Accepted for/Published in: JMIR mHealth and uHealth
Date Submitted: Jun 25, 2025
Open Peer Review Period: Jul 1, 2025 - Jul 25, 2025
Date Accepted: Oct 9, 2025
Date Submitted to PubMed: Oct 10, 2025
(closed for review but you can still tweet)
Warning: This is an author submission that is not peer-reviewed or edited. Preprints - unless they show as "accepted" - should not be relied on to guide clinical practice or health-related behavior and should not be reported in news media as established information.
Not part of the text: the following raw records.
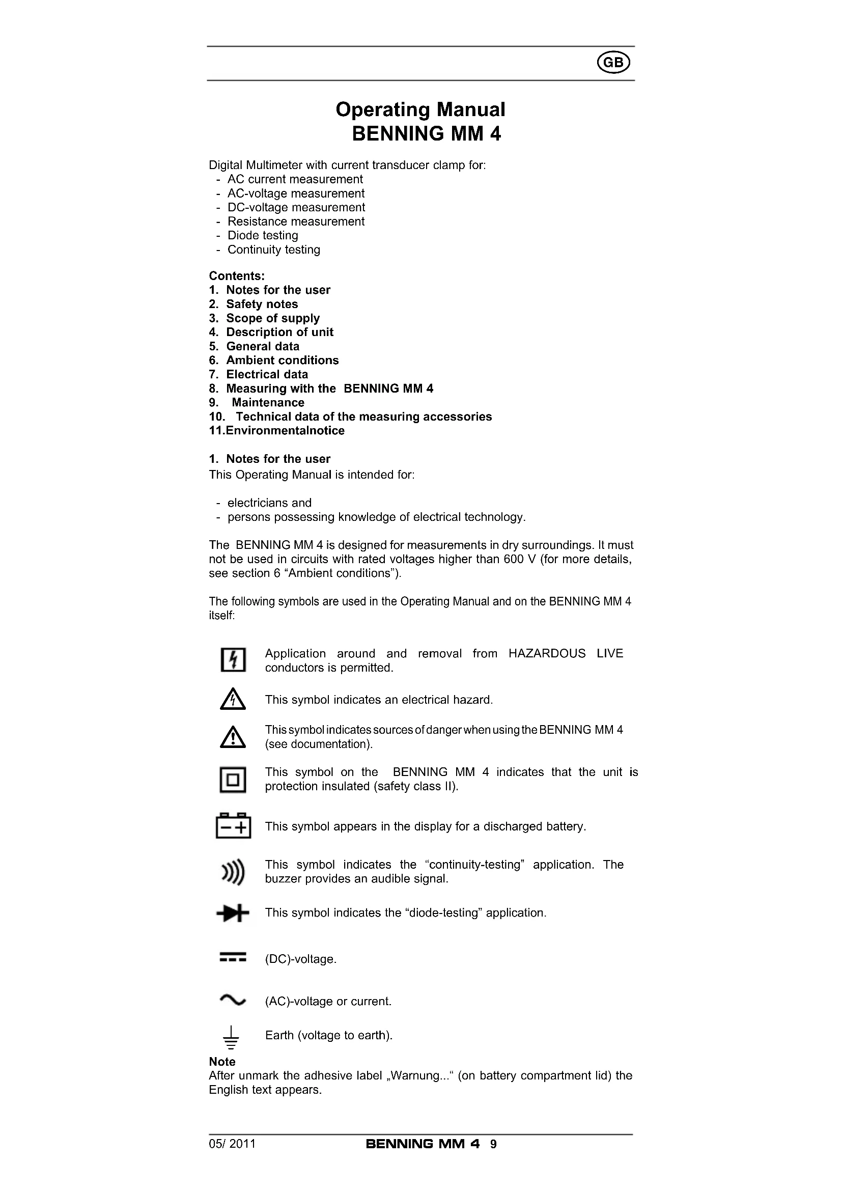 This Operating Manual is intended for: - electricians and - persons possessing knowledge of electrical technology. The BENNING MM 4 is designed for measurements in dry surroundings. It must not be used in circuits with rated voltages higher than 600 V (for more details, see section 6 “Ambient conditions”). The following symbols are used in the Operating Manual and on the BENNING MM 4 itself: Application around and removal from HAZARDOUS LIVE conductors is permitted.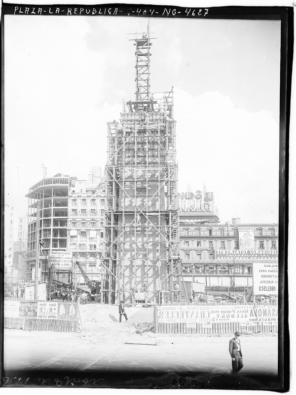 Plaza de las Repúblicas. Obelisco. Primeros trabajos. Obelisco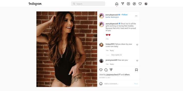 Las mujeres a menudo son presionadas a perder peso para ajustarse a los estándares de belleza de la sociedad, y no porque quieran ser la mejor versión de sí mismas. En la publicación de Instagram de Avery, los fanáticos notaron los tatuajes de pistola que Avery tiene en sus caderas. Algunos aceptaron su nueva apariencia, mientras que otros se desanimaron por los tatuajes debido a su ubicación. A pesar de la recepción mixta, Avery encontró humor en los comentarios negativos sobre sus elecciones.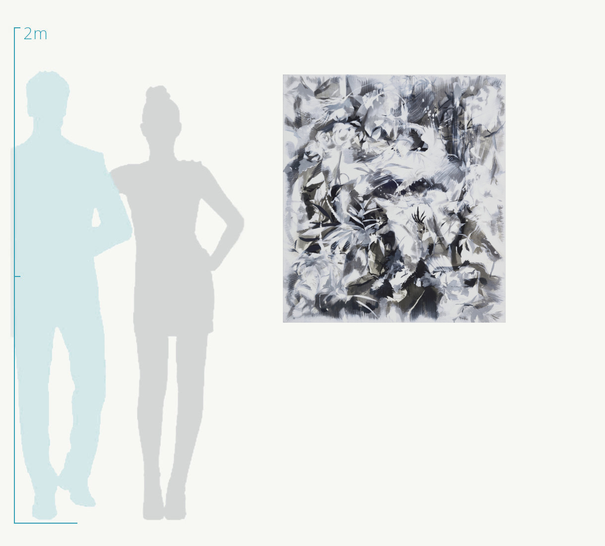 Die Arbeit „In Sonnenfülle taumelnd“ der Werkserie Achromatic Nature canvas 2019-2023 von Tatiana Urban ist quasi der Gegenpol zum auf schwarzem Hintergrund gemalten Werk „Dark mode canvas No 2“: Wo sich im anderen Bild das Weiß seinen Platz erkämpfen musste, erzeugt es hier in seiner Prominenz und Dynamik einen intentionalen Überbelichtungseffekt, auf den die Künstlerin auch im Titel der Arbeit anspielt.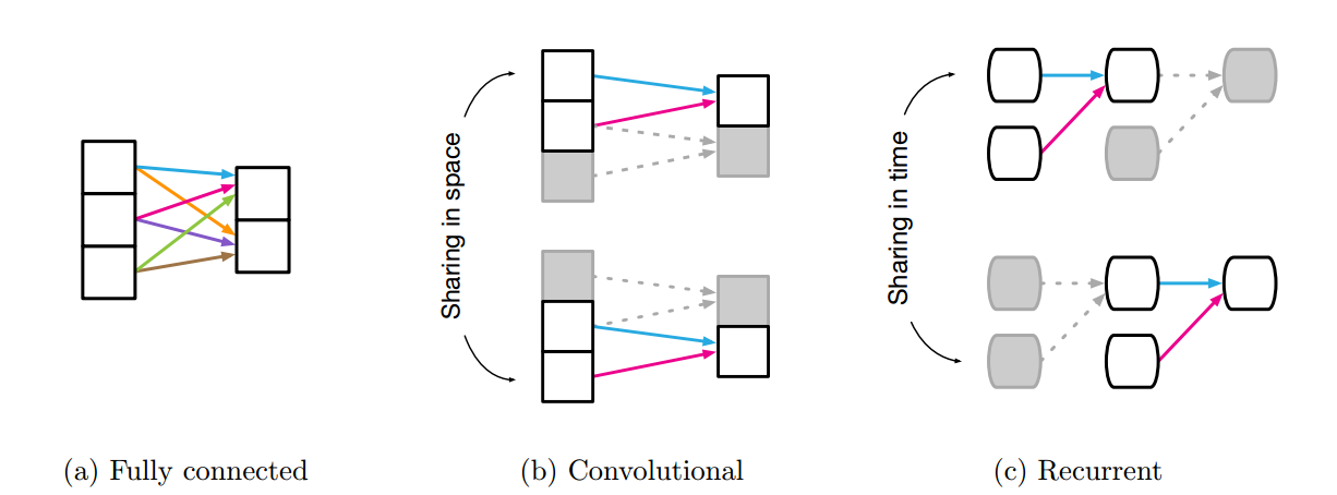 图1:常见的深度学习构建块中的重用和共享。(a)全连接层,所有的权重都是独立的,没有共享(b)卷积层,局部核函数在输入中被重用多次,共享的权重由相同颜色的箭头表示©循环层,相同的激活函数在不同的处理步骤中重用。

Effect of Mobile Augmented Reality Counseling on Improving Shared Decision-Making in Thoracic Surgery: A Randomized Clinical Controlled Trial
ABSTRACT
Background:
Lung cancer is a global health concern, with especially high incidence in Taiwan. Surgical treatment remains a cornerstone for early-stage lung cancer, but patients often struggle to understand complex surgical options when relying solely on traditional counseling methods. Shared decision making (SDM) promotes patient engagement, and mobile augmented reality (MAR) has the potential to enhance patient comprehension through interactive 3D visualization. However, the use of MAR in patient counseling for thoracic surgery remains underexplored.
Objective:
This study aimed to evaluate the impact of Mobile Augmented Reality (MAR) counseling compared to traditional methods on shared decision-making (SDM) in thoracic surgery from the perspectives of patients, family members, and healthcare providers.
Methods:
A randomized clinical trial was conducted at Tri-Service General Hospital, Taipei, Taiwan. Fifty patients or family members were randomly assigned to traditional or MAR counseling groups, and 50 healthcare providers participated in the evaluation. MAR counseling integrated patient-specific 3D anatomical models to enhance comprehension. Questionnaires assessed the impact on SDM, and statistical analyses included Fisher's exact test, chi-square test, and the Wilcoxon rank-sum test.
Results:
MAR counseling significantly improved SDM compared to traditional methods (P ≤ 0.001). Participants reported higher satisfaction and comprehension with MAR counseling (P ≤ 0.001). Healthcare providers also strongly supported the use of MAR technology for patient counseling.
Conclusions:
MAR counseling effectively enhances SDM in thoracic surgery by improving patient understanding and engagement. Both patients and healthcare providers favor this innovative digital approach. Multi-center studies are recommended to validate its feasibility, cost-effectiveness, and broader applicability. Clinical Trial: Non applicable.